Lin Barrie, baobab flower sketch..

Back at Kaya Nyala, our village subsistence plot, we are farming chickens, turmeric and goats, With the happy support of our little family, Clive is trying out different models of farming which could easily roll out to replicate within our Mahenye community. Living with wildlife and livestock, just as our neighbours have to, is a balancing act. Already we have lost some goat babies to hungry male baboons… but at the goat (mbudzi) pens many new kids have survived, and Kelli is in love….

baby goats at Kaya Nyala- kelli is in love

At the goat pens too, we smell the wild jasmine before we see it, and our noses find wild jasmine bushes, covered in deliciously scented white sea anemone spiky petalled offerings…

Goat smell plus Jasmine Scent…who can beat that?!

we smell the wild jasmine before we see it….

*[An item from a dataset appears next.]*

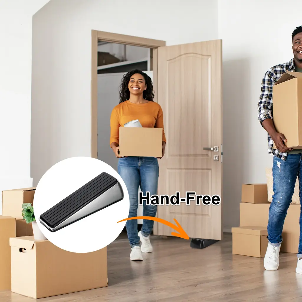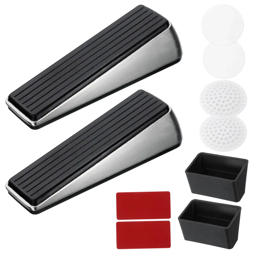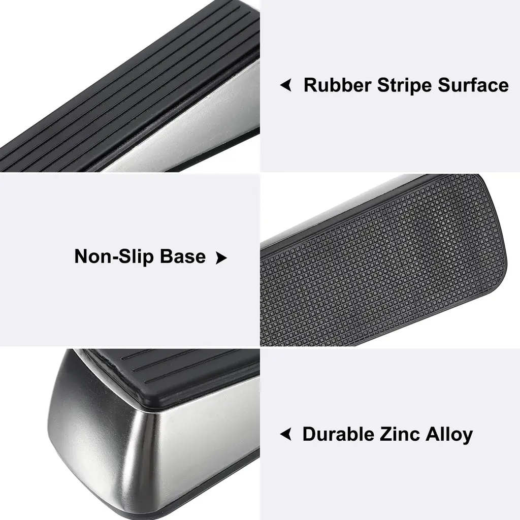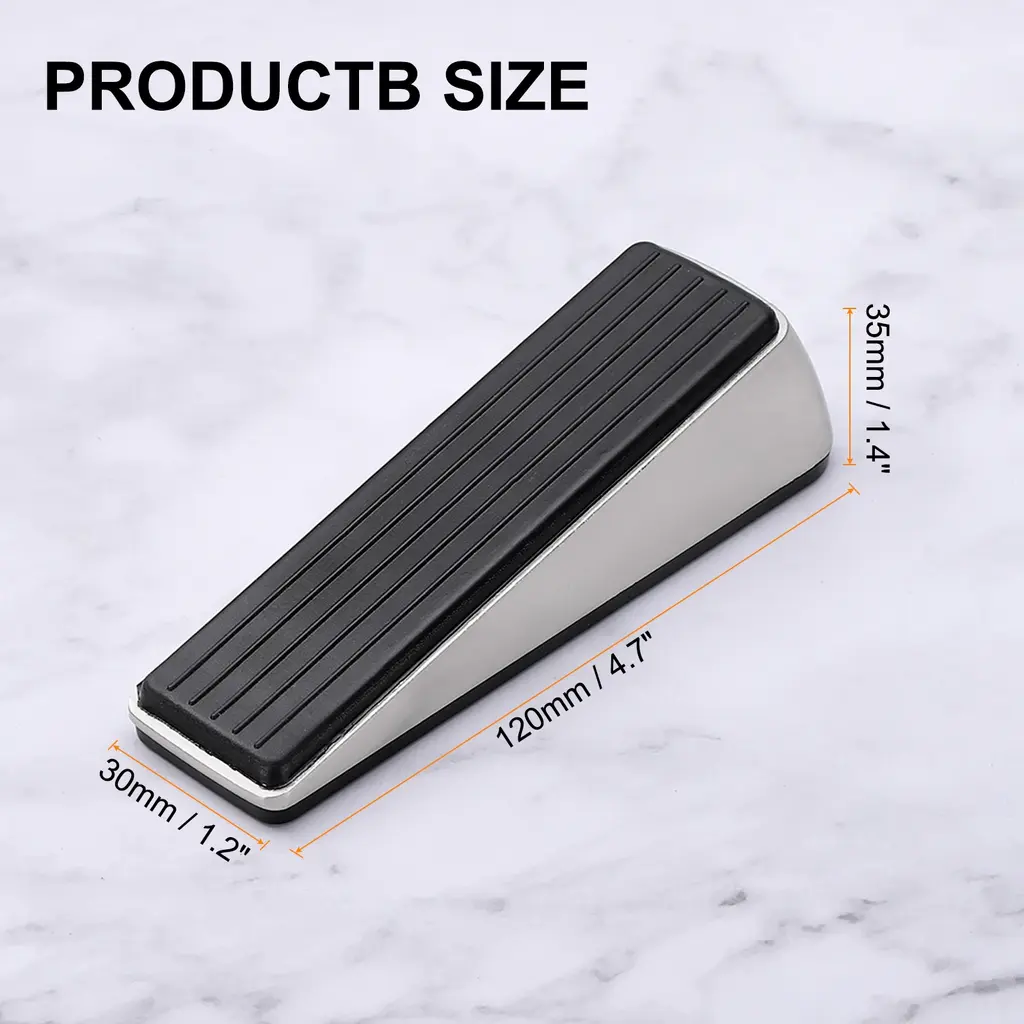 Description:Durable and Reliable: The door stoppers are made of zinc alloy and rubber material, the zinc alloy component offers a sturdy and robust structure, and the rubber bottom provides a good grip for non-slip performance, and effectively holds the doors in place.Good Wedge Door Stopper: The door stops feature a non-slip base to keep the door steady, prevent it from slamming or sliding, prevent accidental locking, and come with wall protectors to prevent any damage or marks on the wall surface.Convenient Use and Storage: Place the zinc and rubber door stop at the desired location on the floor under the door, come with self-adhesive holders that allow for easy and convenient storage behind the door when not in use.Versatile Floor Types: The door stopper wedge can easily keep the doors in the fixed position you want, suitable for use on various floor types including tile, concrete, carpet, wooden floors, and more for homes, offices, hotels, shops, etc.Specification:Material: Zinc Alloy, RubberColor: Silver/BlackTotal Size: 12 x 3.5 x 3 cm / 4.7 x 1.4 x 1.2 inch (L*W*H)Package Contents:2 pcs x Door Stopper2 pcs x Self-Adhesive Holder2 pcs x Self-Adhesive Wall Protectors

A watery sunset looking upriver, on the Save River, November at Kaya Nyala…the river has risen with some rain last week, but fallen again, awaiting more rain…

sunset on the Save River, November at Kaya Nyala

Kaya Nyala is solar powered, totally self sufficient; costly but essential also to have a simple electric fence to keep the elephants and hyenas to their corridors and us to ours!! ..

While at Kaya Nyala, Kelli gets the welcome media news that Rise, the short boxing movie she created special effects make up for, is in line for the Oscars 2026!!

Rise, the movie, is in line for the Oscars

Flowers galore are budding forth at Kaya Nyala. The Taberna montana (Toad trees) burst forth into starry offerings and rain little helicopter stars down on our sand pathways. A ‘Van Gogh’ starry night painting inspiration for me….. a dance of life, a dance of starry flowers….

starry night, Tabernae montana flowers on tree and ground

Butterflies are everywhere at Kaya Nyala and this Pearl Spotted Charaxes is found on my desk, a faded but still magnificent beauty … A delicate dance of life and death in nature…dance is everywhere I look..

beautiful even in death – Pearl Spotted Charaxes butterfly at Kaya Nyala

In my studio I am building on sketches and ideas for Dance; dance transcending boundaries, from traditional to contemporary hip hop, and am here working on a sketch inspired by the Dans6T and AfriKera Arts Trust show at Alliance Francais earlier this year… see my previous blog for more on DANCE!

Lin Barrie, Hip Hop charcoal sketch of a dancer from my sketch session with the French hip hop dance troupe Dans6T at Alliance Français in Harare. Seen here with my paintings and rag/xibelani dance skirts in my studio…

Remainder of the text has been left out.